Then forecasting for future horizon H having two forecasted time series:
- F1=forecasts(Y)
- F2=back_differenced(forecasts(Z))
The mean forecasts is equal F1=F2 for the whole H horizon. But while the prediction interval of F1 are very narrow, the prediction interval of F2 is much wider.
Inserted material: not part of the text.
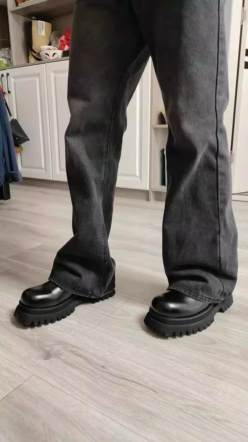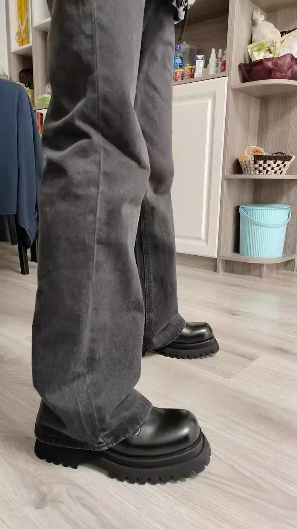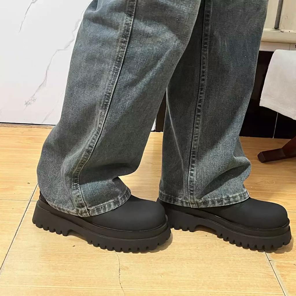 These shoes are a bold, modern take on classic British-style casual leather shoes, designed to stand out with a chunky, thick-soled silhouette. The upper is made from synthetic leathe, providing a sleek, contemporary look, while the inside features a comfortable PU lining and insole. With a round toe, lace-up closure, and a high-traction rubber sole, these shoes offer both style and a noticeable height boost. Perfect for youth, they’re suitable for spring and autumn daily wear and are available in matte or glossy black finishes.

Which prediction interval is correct ?
Best Answer
The prediction intervals from ARIMA(p,1,q) for the original data as produced by the function
Arima
will be correct, while those from ARIMA(p,0,q) for differenced data produced by manually undifferencing the forecasts the way you do that will be incorrect.Illustration
Suppose the last observed value is $x_t=100$. Suppose the point forecasts for $t+1$, $t+2$ and $t+3$ from ARIMA(p,0,q) for differenced data are
\begin{aligned} \widehat{\Delta x}_{t+1}^{point} &= 0.0, \\ \widehat{\Delta x}_{t+2}^{point} &= 0.5, \\ \widehat{\Delta x}_{t+3}^{point} &= 0.0. \\ \end{aligned}
Suppose the lower end of the 80% prediction interval is
\begin{aligned} \widehat{\Delta x}_{t+1}^{0.1} &= -1.0, \\ \widehat{\Delta x}_{t+2}^{0.1} &= -0.5, \\ \widehat{\Delta x}_{t+3}^{0.1} &= -1.0; \\ \end{aligned}
and the upper end is
\begin{aligned} \widehat{\Delta x}_{t+1}^{0.9} &= 1.0, \\ \widehat{\Delta x}_{t+2}^{0.9} &= 1.5, \\ \widehat{\Delta x}_{t+3}^{0.9} &= 1.0. \\ \end{aligned}
(I assume symmetric prediction intervals here, but they could as well be asymmetric.)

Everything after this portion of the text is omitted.